Что ж, доктор Ван Орст назначил пациентке классическое медицинское наблюдение: еженедельно сдавать кровь, показываться офтальмологу. Плюс домашний режим на десять дней. А Камилле и Полю велел отслеживать “любые субъективные жалобы, которые могут иметь симптоматический характер”, то есть внимательно прислушиваться к ощущениям дочери. И посоветовал обратиться по этому поводу к педопсихиатру.
– Собственно, не для лечения, а для текущей профилактики.
Поль и Камилла более или менее подробно записали его советы, но их мучил только один вопрос: “Есть ли опасность, что Мона со временем ослепнет?” Почему-то Ван Орст ни разу об этом не заговорил, да и сами родители, несмотря на тревогу, прямого вопроса избегали. В конце концов, вероятно, решили они, раз врач о таком исходе не упомянул, то нечего и обсуждать.
А вот Анри Вюймен спросил дочь напрямик, он не привык уходить от вопросов, пусть даже самых страшных. Обычно он звонил дочери не слишком часто и только для того, чтобы поболтать с Моной, но в ту неделю названивал чуть не каждый день и терзал Камиллу, взволнованно осведомляясь: ослепнет или нет его золотая, обожаемая внучка, да или нет? Еще он настойчиво просил дать ему повидаться с Моной. Камилла не могла найти подходящий предлог, чтобы отказать, и предложила ему прийти в следующее воскресенье 1 ноября, в День всех святых, ровно через неделю после приступа слепоты.
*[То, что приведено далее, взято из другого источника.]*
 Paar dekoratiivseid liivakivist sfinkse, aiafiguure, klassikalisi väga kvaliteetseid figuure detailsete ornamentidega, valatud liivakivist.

Поль догадался, о чем речь, заранее смирился с предстоящим визитом и разом выпил чуть не целую бутылку терпкого бургундского. Он чувствовал себя при тесте круглым дураком. Зато Мона запрыгала от радости и нетерпения.
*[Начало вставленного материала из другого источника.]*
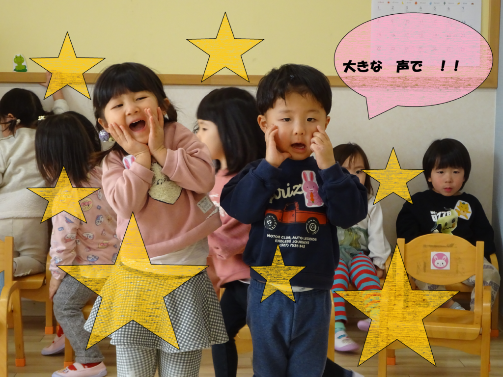 はじめは保育者が台詞を言いながら、役になりきって動作をしてみると、子ども達は「あはは😆」と大盛り上がり☆

Она обожала дедушку, такого сильного, умудренного опытом прожитых лет. Любила смотреть, как он покорял окружающих своим огромным ростом и тяжелыми очками с почти квадратными линзами в толстой оправе. Рядом с ним она чувствовала себя под надежной защитой. Анри неизменно разговаривал с ней как со взрослой. И Мона очень ценила такую манеру общения. Ей было весело, она не боялась чего-то не понять и смеялась над собственными ошибками и ляпами. Она тоже не подделывалась под деда, говорила по-своему, и это было не соревнование, а игра.
Анри не пытался сделать из нее ученую обезьянку. Не хотел быть карикатурным дедом, который придирается к ошибкам внуков и поправляет их поучающим тоном. Это было не в его духе. Он никогда не заставлял Мону делать уроки, не спрашивал про школьные оценки. Кроме того, ему не просто нравилось, он был в восторге от того, как она разговаривает. Почему? Он и сам не знал. По неведомой причине. В ее детском языке с самого начала было что-то невероятно привлекательное. Причем трудно сказать, хорошо это или плохо, преимущество или недостаток. Ощущение чего-то ускользающего возникло не вчера – Мона всегда говорила особенно, в ее речи всегда звучала какая-то “своя мелодия”, какая-то загадка, которую Анри надеялся разгадать со временем, внимательно прислушиваясь.
Камилла диву давалась, глядя на их отношения, “так не бывает” – казалось ей, однако приходилось признать, что они отлично ладили и Моне с дедом очень хорошо. Анри же любил цитировать “Искусство быть дедом” Виктора Гюго и при каждом удобном случае повторял один из его главных принципов передачи знаний: не важно, понимает ли ребенок сразу все, что ему говорят; все новые слова проникают в его мозг, как семена в землю, укореняются там, и в свое время из них вырастут и зацветут прекрасные деревья. Главное – не лениться бороздить почву и разбрасывать семена.
Анри Вюймен был неустанным сеятелем, он щедро сеял слова, точные и красочные, они запоминались с первого раза и навсегда; речь его была очень простой, но захватывающей, как будто говорил умелый рассказчик, то убыстряя, то замедляя темп, то прибавляя выразительности. Как будто перед Моной спокойно разворачивался свиток жизненного опыта и некрикливой эрудиции.
Так или иначе, Мону связывало с Диди особое чувство. Между дедами и внуками вообще возникает иногда чудесная связь, благодаря тому что старшие, в силу известной закономерности, возвращаются к детскому взгляду на мир и потому прекрасно понимают тех, кто только вступает в жизнь.